Two of her chapter members, senior Dalton Wheeler and junior Kaylei Denison, jumped at the idea because they both needed an SAE project and were interested in recruitment. 

“We thought that’d be a great experience for us and we both wanted to leave our legacy in Waverly FFA,” Wheeler said. 

The camp will be on July 13 and 14 from 8 a.m. to 12 p.m. Seventh and eighth graders will have their day on July 13 and fourth through sixth graders will meet on July 14. Students will receive an ag camp t-shirt and a drawstring bag filled with different swag like water bottles and masks. 

The cost to register is $10 and students will have until June 1 to sign up.

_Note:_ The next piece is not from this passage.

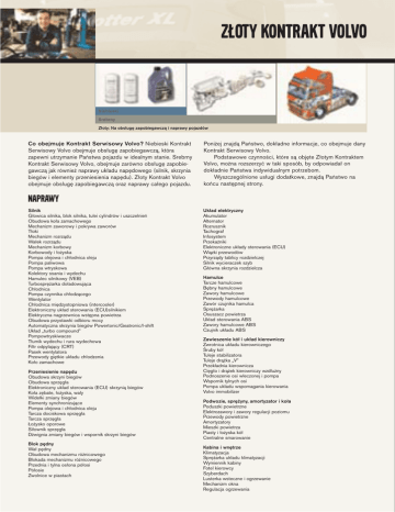 Z¸OTY KONTRAKT VOLVO Niebieski Srebrny Z∏oty: Na obs∏ug´ zapobiegawczà i naprawy pojazdów Co obejmuje Kontrakt Serwisowy Volvo? Niebieski Kontrakt Serwisowy Volvo obejmuje obs∏ug´ zapobiegawczà, która zapewni utrzymanie Paƒstwa pojazdu w idealnym stanie. Srebrny Kontrakt Serwisowy Volvo, obejmuje zarówno obs∏ug´ zapobiegawczà jak równie˝ naprawy uk∏adu nap´dowego (silnik, skrzynia biegów i elementy przeniesienia nap´du). Z∏oty Kontrakt Volvo obejmuje obs∏ug´ zapobiegawczà oraz naprawy ca∏ego pojazdu. Poni˝ej znajdà Paƒstwo, dok∏adne informacje, co obejmuje dany Kontrakt Serwisowy Volvo. Podstawowe czynnoÊci, które sà obj´te Z∏otym Kontraktem Volvo, mo˝na rozszerzyç w taki sposób, by odpowiada∏ on dok∏adnie Paƒstwa indywidualnym potrzebom. Wyszczególnione us∏ugi dodatkowe, znajdà Paƒstwo na koƒcu nast´pnej strony. NAPRAWY Silnik G∏owica silnika, blok silnika, tulei cylindrów i uszczelnieƒ Obudowa ko∏a zamachowego Mechanizm zaworowy i pokrywa zaworów T∏oki Mechanizm rozrzàdu Wa∏ek rozrzàdu Mechanizm korbowy Korbowody i ∏o˝yska Pompa olejowa i ch∏odnica oleju Pompa paliwowa Pompa wtryskowa Kolektory ssania i wydechu Hamulec silnikowy (VEB) Turbospr´˝arka do∏adowujàca Ch∏odnica Pompa czynnika ch∏odzàcego Wentylator Ch∏odnica mi´dzystopniowa (intercooler) Elektroniczny uk∏ad sterowania (ECU)silnikiem Elektryczna nagrzewnica wst´pna powietrza Obudowa przystawki odbioru mocy Automatyczna skrzynia biegów Powertonic/Geatronic/l-shift Uk∏ad „turbo compound” Pompowtryskiwacze T∏umik wydechu i rura wydechowa Filtr odpylajàcy (CRT) Pasek wentylatora Przewody gi´tkie uk∏adu ch∏odzenia Ko∏o zamachowe Przeniesienie nap´du Obudowa skrzyni biegów Obudowa sprz´g∏a Elektroniczny uk∏ad sterowania (ECU) skrzynià biegów Ko∏a z´bate, ∏o˝yska, wa∏y Wide∏ki zmiany biegów Elementy synchronizujàce Pompa olejowa i ch∏odnica oleju Tarcza dociskowa sprz´g∏a Tarcza sprz´g∏a ¸o˝ysko oporowe Si∏ownik sprz´g∏a Dêwignia zmiany biegów i wspornik skrzyni biegów Blok p´dny Wa∏ p´dny Obudowa mechanizmu ró˝nicowego Blokada mechanizmu ró˝nicowego Przednia i tylna os∏ona pó∏osi Pó∏osie Zwolnice w piastach Uk∏ad elektryczny Akumulator Alternator Rozrusznik Tachograf Infosystem Przekaêniki Elektroniczne uk∏ady sterowania (ECU) Wiàzki przewodów Przyrzàdy tablicy rozdzielczej Silnik wycieraczek szyb G∏ówna skrzynia rozdzielcza Hamulce Tarcze hamulcowe B´bny hamulcowe Zawory hamulcowe Przewody hamulcowe Zawór czujnika hamulca Spr´˝arka Osuszacz powietrza Uk∏ad sterowania ABS Zawory hamulcowe ABS Czujnik uk∏adu ABS Zawieszenie kó∏ i uk∏ad kierowniczy Zwrotnica uk∏adu kierowniczego Âruby kó∏ Tuleje stabilizatora Tuleje drà˝ka „V” Przek∏adnia kierownicza Ci´g∏o i drà˝ek kierowniczy wzd∏u˝ny Podnoszenie osi wleczonej i pompa Wspornik tylnych osi Pompa uk∏adu wspomagania kierowania Volvo immobilizer Podwozie, spr´˝yny, amortyzator i ko∏a Poduszki powietrzne Elektrozawory i zawory regulacji poziomu Przewody powietrzne Amortyzatory Mieszki powietrza Piasty i ∏o˝yska kó∏ Centralne smarowanie Kabina i wn´trze Klimatyzacja Spr´˝arka uk∏adu klimatyzacji Wymiennik kabiny Fotel kierowcy Szyberdach Lusterka wsteczne i ogrzewanie Mechanizm okna Regulacja ogrzewania OBS¸UGA ZAPOBIEGAWCZA Smarowanie, sprawdzenie poziomu oleju i p∏ynu Smarowanie podwozia Smarowanie kabiny Sprawdzenie poziomu oleju w poszczególnych komorach i wymiana filtrów Wymiana oleju silnikowego i filtra Wymiana oleju przek∏adniowego i filtra Wymiana oleju w tylnym moÊcie wymiana filtra w uk∏adzie wspomagania uk∏adu kierowniczego Sprawdzenie poziomu p∏ynów w poszczególnych komorach Sprawdzenie osuszacza powietrza Kabina kierowcy Sprawdzenie wskaêników Êwietlnych, informacyjnych i ostrzegawczych Sprawdzenie kodów b∏´du poszczególnych urzàdzeƒ Sprawdzenie dzia∏ania ogrzewacza parkingowego Sprawdzenie sterowania silnikiem z kabiny Sprawdzenie dêwigni zwalniacza Uruchomienie silnika i sprawdzenie elementu rozruchowego Sprawdzenie ciÊnienia roz∏àczenia i po∏àczenia w regulatorze ciÊnienia Sprawdzenie dzia∏ania i stanu spr´˝arki Sprawdzenie uk∏adu hamulcowego Sprawdzenie hamulca r´cznego i zaworu odcinajàcego Sprawdzenie uk∏adu dêwigni zmiany biegów i peda∏u sprz´g∏a Sprawdzenie podnoszenia osi wleczonej Sprawdzenie zawiasów, ograniczników otwarcia drzwi, zamków i uszczelek Sprawdzenie spr´˝arki uk∏adu wentylacji Sprawdzenie wentylatora sch∏adzacza Próba ciÊnieniowa uk∏adu ch∏odzenia Sprawdzenie sch∏adzacza czynnika ch∏odzàcego Sprawdzenie ch∏odnicy i wentylatora ch∏odnicy Sprawdzenie ch∏odnicy mi´dzystopniowej (intercooler) Sprawdzenie uszczelnieƒ, w´˝y, przewodów sztywnych i linii Sprawdzenie szczelnoÊci uk∏adu wydechowego Sprawdzenie uk∏adu wspomagania kierownicy Sprawdzenie uk∏adu powietrza mi´dzy wlotem powietrza i uk∏adem turbospr´˝arki Sprawdzenie turbospr´˝arki i regulatora EP Sprawdzenie sprz´gu pompy wtryskowej Sprawdzenie szczelnoÊci pompy serwomechanizmu, przewdów olejowych i mechanizmu kierowniczego Sprawdzenie ekranów akustycznych silnika Sprawdzenie luzów zaworowych Sprawdzenie luzu pompowtryskiwaczy Zawieszenie przednie, mechanizm kierowniczy Sprawdzenie mieszków ochronnych i luzu przegubów kulistych Sprawdzenie drà˝ków kierowniczych Sprawdzenie przednich amortyzatorów Sprawdzenie ∏o˝yska zwrotnicy uk∏adu kierowniczego Sprawdzenie ∏o˝ysk kó∏ przednich Sprawdzenie kó∏ przednich Elementy zewn´trzne Sprawdzenie lamp, wycieraczek, i spryskiwaczy Sprawdzenie lusterek wstecznych i reflektorów Wymiana filtra powietrza uk∏adu wentylacji kabiny Sprawdzenie zbiornika czynnika ch∏odzàcego, skraplacza przewodów sztywnych i w´˝y Sprawdzenie wlotu powietrza i przegrody kierujàcej Sprawdzenie mocowania kabiny, uk∏adu hydraulicz

If interested, please send an email to Spath at for a flier. 

Students will learn about plants, animals, soil, natural resources and commodities in the four sections. These sections will be led by FFA chapter members. 

Spath said for the commodities portion, campers will be participating in a trading game to teach them about the global economy and trading commodities. The campers will also engage in a natural resources scavenger hunt amongst other topic-related activities. 

Both Wheeler and Denison said the objective of the camp is to recruit more students for FFA and inform them about the organization and what it takes to be a part of FFA. When Denison joined her freshman year, she had no idea one had to be taking an agriculture class to join. 

“I’m pretty sure that I was 

thrown into the ag class, but I ended up really enjoying it,” Denison said. “Most kids don’t know how to be in FFA and what it’s about. For me and Dalton, getting freshmen in and getting that influence to younger kids was probably our biggest goal.”

Wheeler, a sophomore at the time, joined the same year as Denison. The soon-to-be senior said he hopes the campers will learn more about agriculture through the camp, which is exactly why he and Denison joined FFA in the first place. 

“We’re both not farmers but we’re both in FFA to find more about agriculture and more about who we are as people,” Wheeler said.

Denison said this camp will help younger students to understand that FFA isn’t all about agriculture. 

“They’re going to experience the fun side of agriculture and that it’s not all just farming,” she said.